WORK TO BE COMPLETED — Using the data below, output a verbatim copy of the lines between the one holding "Зробіть коржі м'якими.нагрійте" and the one holding "На 1 півторалітрову", inclusive, without any pictures.

EXERCISE MATERIAL —
==============================
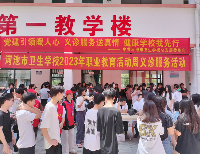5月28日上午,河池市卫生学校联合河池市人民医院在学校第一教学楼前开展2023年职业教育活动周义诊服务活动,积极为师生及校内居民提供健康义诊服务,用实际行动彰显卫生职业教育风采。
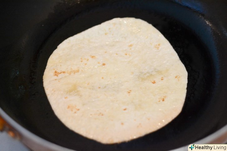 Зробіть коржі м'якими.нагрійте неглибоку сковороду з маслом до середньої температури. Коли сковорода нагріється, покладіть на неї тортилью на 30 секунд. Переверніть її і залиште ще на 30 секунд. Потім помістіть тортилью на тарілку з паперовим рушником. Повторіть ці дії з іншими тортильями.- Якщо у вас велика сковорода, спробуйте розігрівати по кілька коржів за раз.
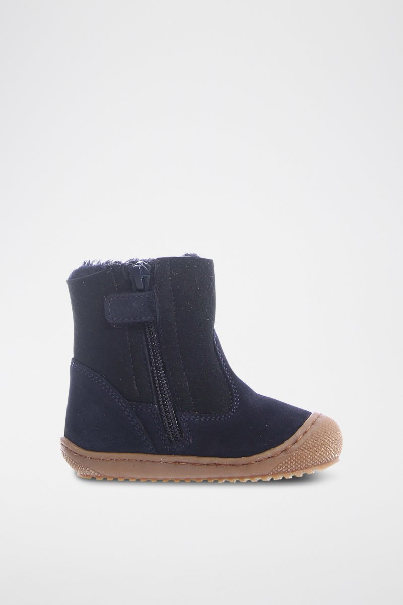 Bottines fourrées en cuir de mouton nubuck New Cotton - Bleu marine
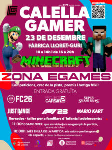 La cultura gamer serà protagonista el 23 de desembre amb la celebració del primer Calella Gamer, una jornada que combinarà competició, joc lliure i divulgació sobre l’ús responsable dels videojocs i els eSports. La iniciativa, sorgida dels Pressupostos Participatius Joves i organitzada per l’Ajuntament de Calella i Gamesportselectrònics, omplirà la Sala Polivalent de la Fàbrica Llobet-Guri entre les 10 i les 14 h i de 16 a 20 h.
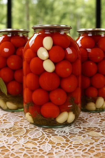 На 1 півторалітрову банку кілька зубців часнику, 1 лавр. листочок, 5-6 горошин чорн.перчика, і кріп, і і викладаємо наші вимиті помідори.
==============================
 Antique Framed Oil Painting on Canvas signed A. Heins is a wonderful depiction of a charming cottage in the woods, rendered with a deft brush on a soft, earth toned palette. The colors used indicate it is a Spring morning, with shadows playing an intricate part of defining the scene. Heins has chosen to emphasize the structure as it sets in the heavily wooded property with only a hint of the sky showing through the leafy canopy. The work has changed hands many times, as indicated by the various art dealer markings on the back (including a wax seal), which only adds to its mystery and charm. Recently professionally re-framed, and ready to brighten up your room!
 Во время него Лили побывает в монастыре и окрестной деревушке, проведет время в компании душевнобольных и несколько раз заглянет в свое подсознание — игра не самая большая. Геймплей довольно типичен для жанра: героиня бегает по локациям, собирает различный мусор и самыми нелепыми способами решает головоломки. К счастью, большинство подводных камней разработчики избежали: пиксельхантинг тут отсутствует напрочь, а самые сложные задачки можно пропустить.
==============================
RESPONSE —
 Зробіть коржі м'якими.нагрійте неглибоку сковороду з маслом до середньої температури. Коли сковорода нагріється, покладіть на неї тортилью на 30 секунд. Переверніть її і залиште ще на 30 секунд. Потім помістіть тортилью на тарілку з паперовим рушником. Повторіть ці дії з іншими тортильями.- Якщо у вас велика сковорода, спробуйте розігрівати по кілька коржів за раз.
 Bottines fourrées en cuir de mouton nubuck New Cotton - Bleu marine
 La cultura gamer serà protagonista el 23 de desembre amb la celebració del primer Calella Gamer, una jornada que combinarà competició, joc lliure i divulgació sobre l’ús responsable dels videojocs i els eSports. La iniciativa, sorgida dels Pressupostos Participatius Joves i organitzada per l’Ajuntament de Calella i Gamesportselectrònics, omplirà la Sala Polivalent de la Fàbrica Llobet-Guri entre les 10 i les 14 h i de 16 a 20 h.
 На 1 півторалітрову банку кілька зубців часнику, 1 лавр. листочок, 5-6 горошин чорн.перчика, і кріп, і і викладаємо наші вимиті помідори.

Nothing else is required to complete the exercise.